В доказательство сказанного он бросил телогрейку на дрова, нарубленные политическими, и предложил еще громче:
— Забирайте часть своих харчей и катитесь к чертям от нас!
После этого Митрич подбросил дрова в костер, едва вода
вскипела, заложил в нее макароны. Сварив их, заправил тушенкой, заварил чай и позвал людей завтракать.
Фартовые опешили от неожиданности. Их и впрямь лишили еды. И даже на работу сучьи дети не позвали.
Шмель скрипел зубами. Политические взяли верх. И мало того, перестали считаться с фартовыми.
— Ну и хрен с ними. Мы сегодня отдохнем. Пусть они и за нас повкалывают. Кто же на голодную требуху пашет? - осклабился бугор.
— Чего развалились? А ну, живо на работу! Иль особые? - просунулось в палатку лицо охранника.
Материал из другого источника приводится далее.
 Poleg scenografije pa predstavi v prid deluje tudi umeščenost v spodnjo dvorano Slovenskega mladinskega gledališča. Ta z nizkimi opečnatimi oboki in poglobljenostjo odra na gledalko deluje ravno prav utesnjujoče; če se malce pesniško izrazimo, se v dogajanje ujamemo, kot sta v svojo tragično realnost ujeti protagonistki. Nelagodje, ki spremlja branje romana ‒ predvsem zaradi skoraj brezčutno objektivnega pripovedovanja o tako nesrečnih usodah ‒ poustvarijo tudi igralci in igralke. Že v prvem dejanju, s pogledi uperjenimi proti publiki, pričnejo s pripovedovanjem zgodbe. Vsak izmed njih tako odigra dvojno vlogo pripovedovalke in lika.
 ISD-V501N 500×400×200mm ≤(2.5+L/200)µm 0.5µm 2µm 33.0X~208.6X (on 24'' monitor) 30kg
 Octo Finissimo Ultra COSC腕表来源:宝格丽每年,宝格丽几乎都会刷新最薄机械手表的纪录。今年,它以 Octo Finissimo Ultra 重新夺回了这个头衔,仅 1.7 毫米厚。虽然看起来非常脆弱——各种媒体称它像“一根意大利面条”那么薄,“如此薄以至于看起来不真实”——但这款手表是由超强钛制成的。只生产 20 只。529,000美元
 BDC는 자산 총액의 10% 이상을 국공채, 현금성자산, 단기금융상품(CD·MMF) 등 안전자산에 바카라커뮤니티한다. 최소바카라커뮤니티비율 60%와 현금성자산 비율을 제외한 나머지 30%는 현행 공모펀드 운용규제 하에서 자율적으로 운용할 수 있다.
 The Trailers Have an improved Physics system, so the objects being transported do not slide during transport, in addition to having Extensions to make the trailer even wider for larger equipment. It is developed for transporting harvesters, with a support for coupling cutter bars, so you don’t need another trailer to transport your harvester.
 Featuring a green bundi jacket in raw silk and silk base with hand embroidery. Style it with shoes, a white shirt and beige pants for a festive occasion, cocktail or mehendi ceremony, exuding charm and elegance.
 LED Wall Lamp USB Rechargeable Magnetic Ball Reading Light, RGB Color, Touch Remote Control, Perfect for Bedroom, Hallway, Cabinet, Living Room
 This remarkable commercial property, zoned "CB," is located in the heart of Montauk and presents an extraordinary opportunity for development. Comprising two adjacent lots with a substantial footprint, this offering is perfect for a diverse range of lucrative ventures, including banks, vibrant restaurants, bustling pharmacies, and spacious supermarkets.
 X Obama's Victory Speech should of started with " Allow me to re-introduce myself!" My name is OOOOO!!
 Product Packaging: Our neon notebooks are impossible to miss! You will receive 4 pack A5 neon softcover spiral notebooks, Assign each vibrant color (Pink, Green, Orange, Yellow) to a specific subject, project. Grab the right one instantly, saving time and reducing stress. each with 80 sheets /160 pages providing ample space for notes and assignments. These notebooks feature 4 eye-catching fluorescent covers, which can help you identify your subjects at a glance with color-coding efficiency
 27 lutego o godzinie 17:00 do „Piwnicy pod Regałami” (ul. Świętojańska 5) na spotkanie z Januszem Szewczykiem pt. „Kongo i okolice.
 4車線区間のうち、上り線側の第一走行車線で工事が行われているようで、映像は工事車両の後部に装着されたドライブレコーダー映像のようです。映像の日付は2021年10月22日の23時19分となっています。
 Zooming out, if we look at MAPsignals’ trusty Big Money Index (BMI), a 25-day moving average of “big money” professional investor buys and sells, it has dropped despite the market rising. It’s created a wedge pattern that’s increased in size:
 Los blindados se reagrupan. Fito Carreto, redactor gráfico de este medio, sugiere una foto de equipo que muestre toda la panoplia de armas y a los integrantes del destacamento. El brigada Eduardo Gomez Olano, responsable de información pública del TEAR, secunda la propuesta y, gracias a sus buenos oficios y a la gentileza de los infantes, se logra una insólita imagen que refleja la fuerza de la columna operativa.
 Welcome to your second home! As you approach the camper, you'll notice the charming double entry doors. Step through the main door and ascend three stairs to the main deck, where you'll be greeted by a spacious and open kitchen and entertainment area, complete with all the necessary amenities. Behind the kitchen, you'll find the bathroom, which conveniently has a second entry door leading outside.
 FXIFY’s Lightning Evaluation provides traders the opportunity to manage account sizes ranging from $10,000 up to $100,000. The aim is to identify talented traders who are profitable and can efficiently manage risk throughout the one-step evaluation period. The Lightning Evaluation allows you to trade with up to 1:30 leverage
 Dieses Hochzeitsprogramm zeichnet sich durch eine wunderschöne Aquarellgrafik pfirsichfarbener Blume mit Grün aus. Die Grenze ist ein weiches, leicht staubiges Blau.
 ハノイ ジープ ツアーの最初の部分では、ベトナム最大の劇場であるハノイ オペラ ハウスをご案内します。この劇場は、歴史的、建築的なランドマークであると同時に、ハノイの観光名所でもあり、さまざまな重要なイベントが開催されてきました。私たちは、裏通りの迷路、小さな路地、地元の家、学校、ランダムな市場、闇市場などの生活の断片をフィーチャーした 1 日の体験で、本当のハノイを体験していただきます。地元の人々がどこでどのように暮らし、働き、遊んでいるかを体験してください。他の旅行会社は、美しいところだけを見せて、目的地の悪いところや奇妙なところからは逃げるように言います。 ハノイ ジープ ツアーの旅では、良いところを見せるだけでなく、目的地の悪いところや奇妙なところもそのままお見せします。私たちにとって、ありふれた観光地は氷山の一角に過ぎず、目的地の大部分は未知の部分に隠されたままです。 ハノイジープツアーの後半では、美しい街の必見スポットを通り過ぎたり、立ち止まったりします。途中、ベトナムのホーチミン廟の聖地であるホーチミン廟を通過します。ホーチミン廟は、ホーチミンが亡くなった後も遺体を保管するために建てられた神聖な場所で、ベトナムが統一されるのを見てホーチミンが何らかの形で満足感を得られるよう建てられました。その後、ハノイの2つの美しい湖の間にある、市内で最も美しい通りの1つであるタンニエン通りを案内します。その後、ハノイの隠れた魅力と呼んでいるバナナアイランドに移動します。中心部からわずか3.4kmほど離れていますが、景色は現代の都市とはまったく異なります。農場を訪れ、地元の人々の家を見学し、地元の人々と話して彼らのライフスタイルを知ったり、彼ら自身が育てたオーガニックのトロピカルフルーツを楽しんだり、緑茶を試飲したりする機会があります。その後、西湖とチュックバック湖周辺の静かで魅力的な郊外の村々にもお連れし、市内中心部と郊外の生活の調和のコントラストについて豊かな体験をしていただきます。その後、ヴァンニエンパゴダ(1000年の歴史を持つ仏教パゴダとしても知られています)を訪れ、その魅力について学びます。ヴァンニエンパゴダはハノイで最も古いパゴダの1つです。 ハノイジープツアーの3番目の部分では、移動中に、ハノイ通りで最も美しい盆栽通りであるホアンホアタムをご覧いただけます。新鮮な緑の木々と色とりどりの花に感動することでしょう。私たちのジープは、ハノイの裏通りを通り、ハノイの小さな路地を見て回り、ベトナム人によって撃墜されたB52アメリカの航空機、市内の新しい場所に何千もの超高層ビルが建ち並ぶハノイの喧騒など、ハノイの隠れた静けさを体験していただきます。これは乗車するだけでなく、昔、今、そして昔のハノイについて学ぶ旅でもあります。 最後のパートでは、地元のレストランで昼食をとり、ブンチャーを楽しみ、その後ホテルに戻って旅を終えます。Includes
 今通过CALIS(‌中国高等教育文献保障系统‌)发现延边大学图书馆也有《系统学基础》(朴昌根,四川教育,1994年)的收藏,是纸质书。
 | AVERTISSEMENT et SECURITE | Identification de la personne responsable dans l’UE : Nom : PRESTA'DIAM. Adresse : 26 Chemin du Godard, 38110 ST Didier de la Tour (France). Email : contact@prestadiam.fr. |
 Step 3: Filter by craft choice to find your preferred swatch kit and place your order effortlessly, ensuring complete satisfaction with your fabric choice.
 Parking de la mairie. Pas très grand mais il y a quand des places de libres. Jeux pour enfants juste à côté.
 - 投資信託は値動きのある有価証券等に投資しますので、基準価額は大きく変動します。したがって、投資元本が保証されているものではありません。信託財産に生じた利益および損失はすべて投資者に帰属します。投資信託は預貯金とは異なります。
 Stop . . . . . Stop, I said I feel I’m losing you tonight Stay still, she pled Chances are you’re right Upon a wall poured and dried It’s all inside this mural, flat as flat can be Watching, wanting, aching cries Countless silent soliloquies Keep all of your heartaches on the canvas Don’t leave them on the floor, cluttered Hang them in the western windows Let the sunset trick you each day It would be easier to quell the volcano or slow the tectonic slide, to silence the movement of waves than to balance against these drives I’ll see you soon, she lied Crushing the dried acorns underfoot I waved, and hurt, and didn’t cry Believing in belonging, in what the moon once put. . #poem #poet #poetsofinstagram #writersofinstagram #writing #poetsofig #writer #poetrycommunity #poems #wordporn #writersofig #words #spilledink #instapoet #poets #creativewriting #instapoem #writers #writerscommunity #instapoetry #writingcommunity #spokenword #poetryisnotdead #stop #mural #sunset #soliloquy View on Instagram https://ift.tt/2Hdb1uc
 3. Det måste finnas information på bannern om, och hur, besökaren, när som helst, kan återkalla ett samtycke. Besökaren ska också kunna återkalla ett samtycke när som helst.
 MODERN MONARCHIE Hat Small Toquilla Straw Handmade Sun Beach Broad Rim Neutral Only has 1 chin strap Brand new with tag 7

— Не жравши не пашем! - отозвались из угла палатки.
— Чего?! Бунтовать вздумали, симулировать? Я вам зараз устрою! - пообещал охранник и исчез.
Через несколько минут в палатку влетели охранники. Молча, яростно выкидывали фартовых наружу пинками, кулаками.
Там, за палаткой, скомандовали лечь. Лицом в грязный снег, на мокрые проталины.
Три часа держали их под прицелом, не давая не только перевернуться, даже пошевелиться. Караулили всякое дыхание, каждый взгляд, оброненное слово.
Митрич, готовивший обед своей бригаде, изумленно наблюдал, как старший охраны воспитывал законников.
— Бегом! - слышалась его команда, и воры мчались на сопку, потом скатывались вниз.
— Ложись! - рявкал старший.
И валились блатные в распадок через головы друг друга, телом в воду, снег, грязь.
— Встать! Бегом! - ухало эхо. И топот ног слышался далеко, в каждом уголке тайги.
— Ложи-и-сь! - ухало в лапах елей. И застывала тишина в голых ветках испуганных берез.
— Бего-ом марш!
Задыхались фартовые. На лбах, лицах, плечах и спинах пот с грязью налипли. Брюки коробом стоят.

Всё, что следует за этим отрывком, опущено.